Effect of vegetation type on treatment performance and bioelectric production of constructed wetland modules combined with microbial fuel cell (CW-MFC) treating synthetic wastewater

• Published in: Environmental science and pollution research international Vol. 25; no. 9; pp. 8777 - 8792
• Main Authors: Saz, Çağdaş, Türe, Cengiz, Türker, Onur Can, Yakar, Anıl
• Format: Journal Article
• Language: English
• Published: Berlin/Heidelberg Springer Berlin Heidelberg 01.03.2018; Springer Nature B.V
• Subjects: Aquatic Pollution; Artificial wetlands; Atmospheric Protection/Air Quality Control/Air Pollution; Biochemical fuel cells; Biodegradation; Biodegradation, Environmental; Bioelectric Energy Sources; Bioelectricity; Earth and Environmental Science; Ecotoxicology; Efficiency; Electrodes; Environment; Environmental Chemistry; Environmental Health; Environmental science; Fuel cells; Fuel technology; Microorganisms; Models, Theoretical; Modules; Organic compounds; Power efficiency; Research Article; Typha angustifolia; Typhaceae - growth & development; Vegetation; Vegetation effects; Vegetation type; Waste Water - chemistry; Waste Water Technology; Wastewater treatment; Water Management; Water Pollution Control; Water Purification - methods; Water treatment; Wetlands; Microbial fuel cell; Bioelectric production; Wastewater treatment; Constructed wetlands; Vegetation
• ISSN: 0944-1344; 1614-7499
• DOI: 10.1007/s11356-018-1208-y

An operation of microcosm-constructed wetland modules combined with microbial fuel cell device (CW-MFC) was assessed for wastewater treatment and bioelectric generation.

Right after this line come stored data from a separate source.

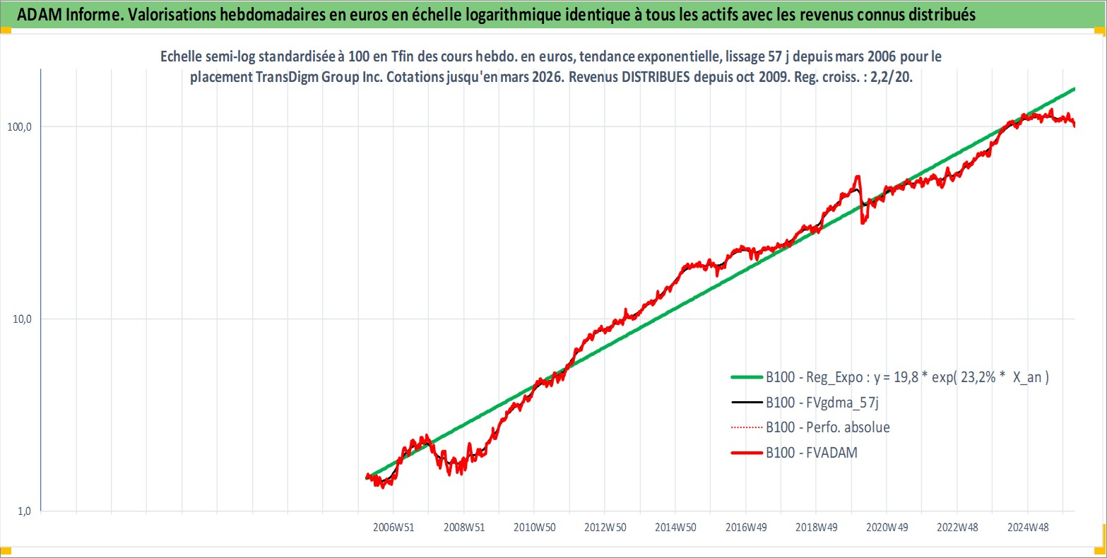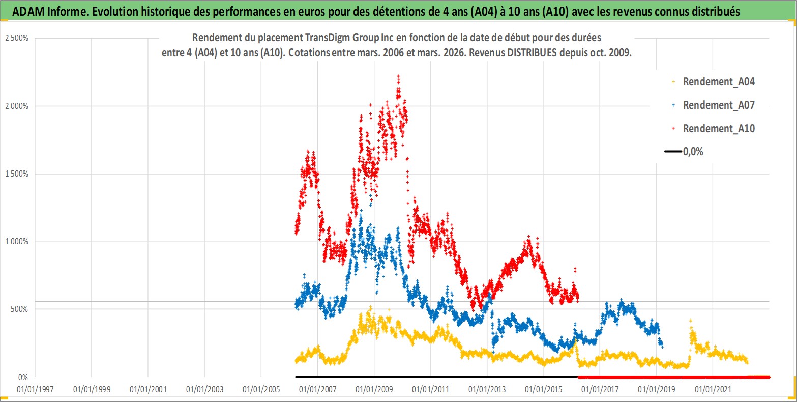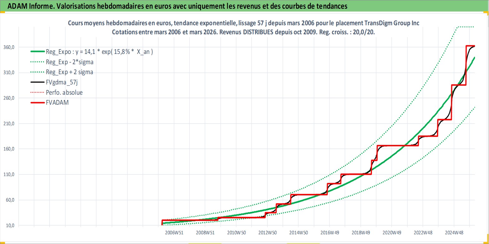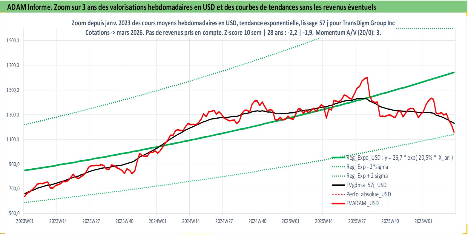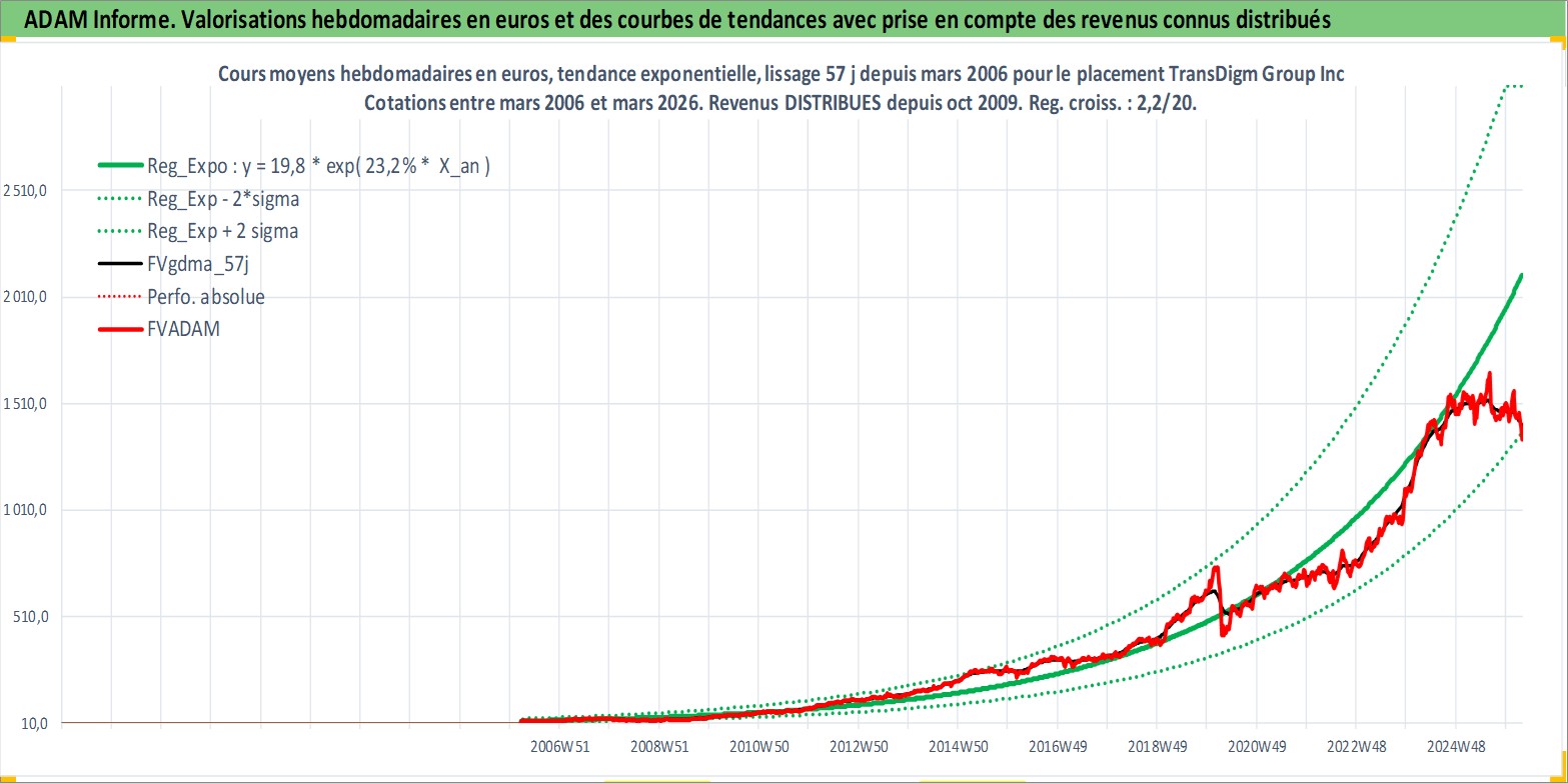 Site dédié aux investisseursPage dédiée sur site financeAnalyse des valorisations hebdomadaires de l'action TransDigm Group Inc. Cet actif est cote en USD. Les valorisations sont en contrevaleur EURO et couvrent les semaines 2006W11 a 2026W13. Les revenus de cet actif financier sont pris en compte depuis la semaine 2009W42. La note globale ESG de cet actif est estimee a 2.0 (apres rebasage entre 0 et 20).
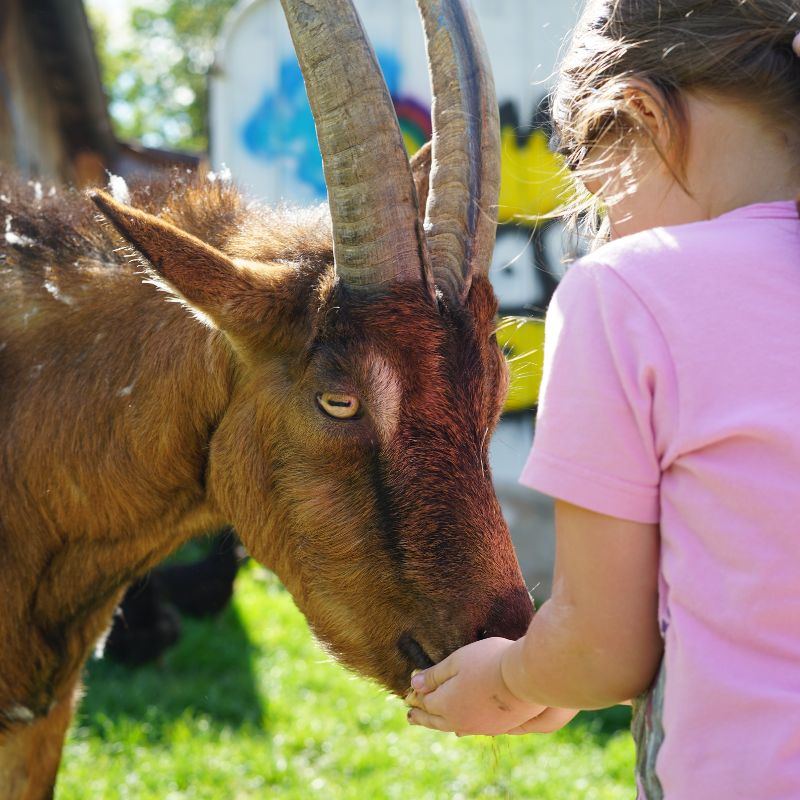 Lernt unsere aufgeweckten Ziegen Zippo, Henry, Frieda, Mathilda, Clara und Gretel kennen. Ob kleine Runden durch Wald und Feld oder lustige Kunststücke – sie sind für jeden Spaß zu haben. Aber passt auf, sie spüren auch das Essen in euren geschlossenen Rucksäcken auf, also räumt die besser weg.
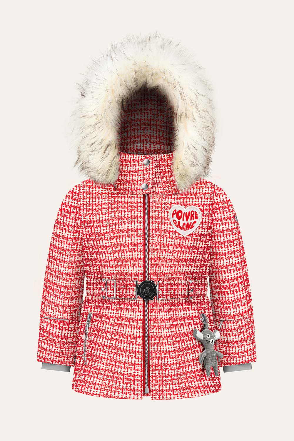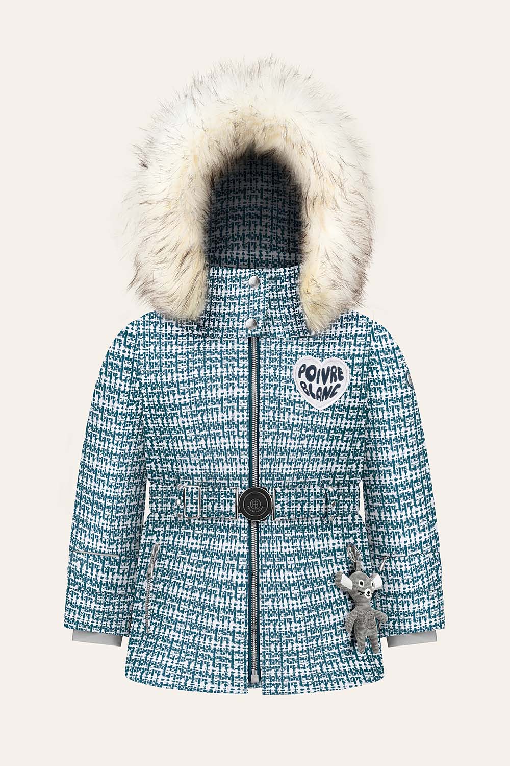 Sa capuche amovible, sa bande en fausse fourrure et sa jupe pare-neige offrent une grande polyvalence, aussi bien à la montagne qu’à la ville.
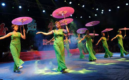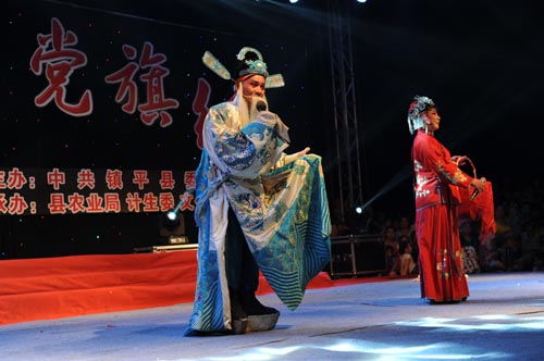 6月26日晚,镇平县“玉乡梦•党旗红”庆七一文艺晚会在县城玉鼎广场拉开了帷幕。整场晚会以歌舞、快板、情景剧、戏曲、杂技为主,清新欢快,形式多样,充分展示了文明开放发展的镇平新形象。整场晚会近2个小时,现场观看群众达5000余人。
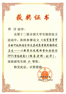 在本届征文活动在学院组织支持和刘华教授的指导下,我院知识产权法方向研究生穆洁的论文《体育赛事节目的可版权性分析及其对类案裁判路径之启发——以新浪诉凤凰网案和央视诉PPTV案为视角》荣获研究生组二等奖,本科生朱思佳的论文《著作权权利滥用的法解释学解构》获本科生组优秀奖;同时,在上一届全国大学生版权征文中一等奖获得者陈怡欣同学的论文《二次创作中转换性使用解释下合理使用制度之调适》、二等奖获得者廖焰迪同学的论文《论我国孤儿作品规定中查找制度的完善》等入选刚刚由人民教育出版社出版的《版权×创新×未来——第十一届全国大学生版权征文优秀论文选》文集并在大会交流。
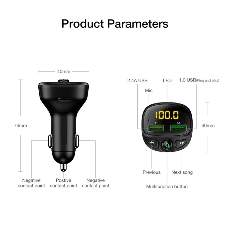 Powered through the cigarette lighter (12V–24V DC), this compact device features a 1.1-inch LED display, FM radio function, and QC3.0 fast-charging compatibility. With its sleek design and 85dBA signal-to-noise ratio, it’s the ultimate blend of convenience, performance, and style for any vehicle.
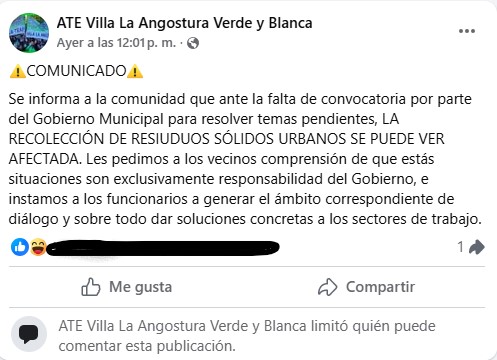 En una situación que demuestra claramente que no están dispuestos a resignar ninguno de sus privilegios, la casta sindical que conduce el conflicto en Angostura, otra vez apuesta al descontento y a la confusión dejando sin recolección a la mayoría del Pueblo. Con el conflicto político de fondo, que dejo a muchos usuarios sin agua, ahora se le suma este conflicto Sindical, que pondrá a prueba la reacción y firmeza de ejecutivo para resolver este tipo de «testeo» para lo que viene; en un año político de alto voltaje, por la elección de gobernador que en Neuquen siempre se adelanta muchísimos meses.
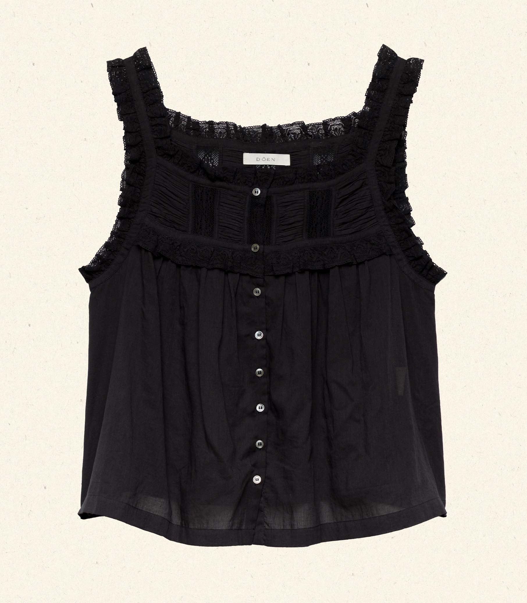 Taking cues from our beloved Frances Top—which we first designed in Spring 2019—the Fidella is a sleeveless top crafted from soft, lightweight organic cotton voile. The high square neckline is trimmed with ruffled lace, while a line of mother-of-pearl buttons extends down the center front. The yoke is adorned with alternating panels of ruching and inset lace. Leave it loose, or tuck it into your favorite pair of high-waisted jeans.

One of the crucial aims of the present experiment is also to determine effect of vegetation on wastewater treatment process and bioelectric production in wetland matrix with microbial fuel cell. Accordingly, CW-MFC modules with vegetation had higher treatment efficiency compared to unplanted wetland module, and average COD, NH 4 + , and TP removal efficiency in vegetated wetland modules were ranged from 85 to 88%, 95 to 97%, and 95 to 97%, respectively. However, the highest NO 3 − removal (63%) was achieved by unplanted control module during the experiment period. The maximum average output voltage, power density, and Coulombic efficiency were obtained in wetland module vegetated with Typha angustifolia for 1.01 ± 0.14 V, 7.47 ± 13.7 mWatt/m 2 , and 8.28 ± 10.4%, respectively. The results suggest that the presence of Typha angustifolia vegetation in the CW-MFC matrix provides the benefits for treatment efficiency and bioelectric production; thus, it increases microbial activities which are responsible for biodegradation of organic compounds and catalyzed to electron flow from anode to cathode. Consequently, we suggest that engineers can use vegetated wetland matrix with Typha angustifolia in CW-MFC module in order to maximize treatment efficiency and bioelectric production.